Semantic Navigator App Using Gradio

Even though this is a book on using local LLMs I thought, dear reader, that it would be fun to add a complete web app example that is also an effective application of LLMs to perform natural language processing (NLP) tasks that a decade ago would have required a major development effort and would not have been as effective as the LLM-based solution we use here.

The Semantic Web, often referred to as Web 3.0 or the Web of Data, represents an ambitious vision originally proposed by Tim Berners-Lee, the inventor of the World Wide Web. While the traditional web is a collection of documents designed for human consumption—where computers essentially act as mailmen delivering pages they cannot “understand”—the Semantic Web aims to make the underlying data machine-readable. By providing a common framework that allows data to be shared and reused across application, enterprise, and community boundaries, it transforms the internet from a library of isolated silos into a massive, interconnected global database.

At the heart of this transformation is a specific technology stack designed to categorize and link information. The Resource Description Framework (RDF) serves as the standard data model, breaking down information into “triples” (subject, predicate, and object) that describe relationships between entities. To ensure these entities are unique and discoverable, they are identified using Uniform Resource Identifiers (URIs), which function like permanent, global addresses for concepts rather than just web pages. This layer is often visualized as a “Layer Cake,” progressing from basic syntax to complex logic and trust protocols.

Linked Data provides the practical set of best practices required to realize this vision. It is governed by four core principles: using URIs as names for things, using HTTP URIs so people can look up those names, providing useful information via standards like RDF or SPARQL (a semantic query language), and including links to other URIs to facilitate discovery. When data is published according to these rules, it becomes part of the Linked Open Data (LOD) Cloud, a vast network of interlinked datasets, such as DBpedia or GeoNames, that allows machines to traverse the web of knowledge much like humans browse a web of pages.

In other books I have written examples of transforming text into RDF data (e.g., https://leanpub.com/lovinglisp and https://leanpub.com/racket-ai). In this chapter we identify entities and relationships between entities, storing this extracted data in JSON rather than RDF.

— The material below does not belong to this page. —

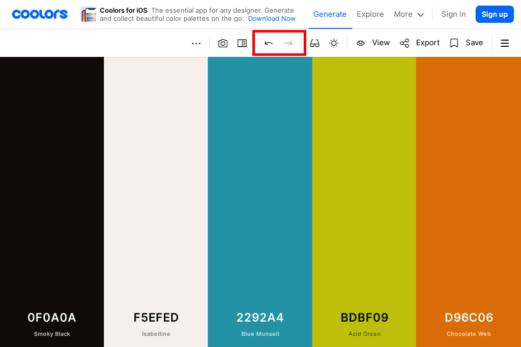 「さっきの配色が良かった!」というように、前後に表示された内容に戻りたい場合は、画面上部のUndoまたはRedoアイコンをクリックしてください。
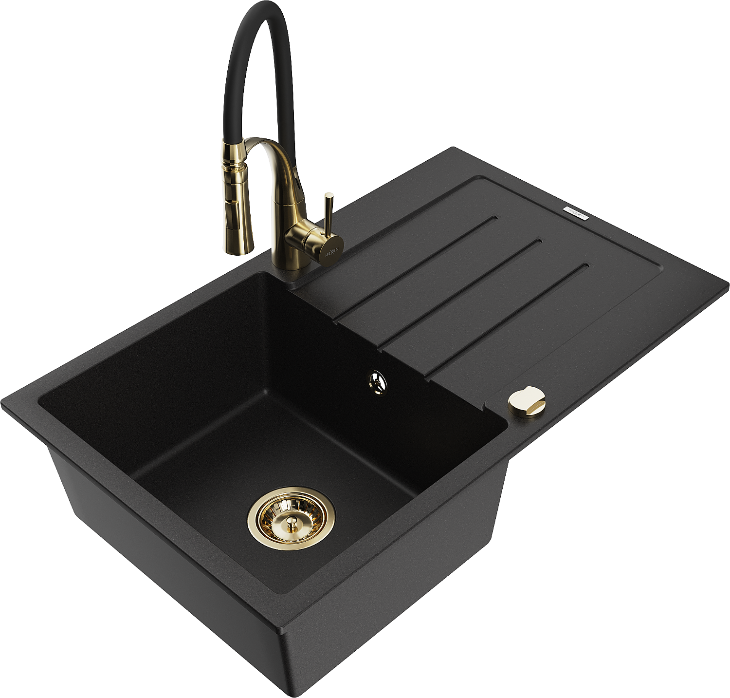 Mexen Bruno chiuvetă de granit cu 1 cuvă și picurator, cu baterie de bucătărie Aster, negru - 6513-77-73450-57-G

We develop an example web app that allows a user to paste in large blocks of text and extracts entities and relations between the identified entities.

I originally wrote this web app for the Huggingface Spaces platform using a Huggingface inference endpoint. I later modified the web app to run locally on my laptop using Ollama.

This web app can easily be hosted on a Linux server, using a tool like nginx to serve as a public endpoint on port 80.

Before looking at the code, here is what the finished product looks like:

We will use the Gradio toolkit for creating interactive web apps. You can find detailed documentation here: https://www.gradio.app/docs.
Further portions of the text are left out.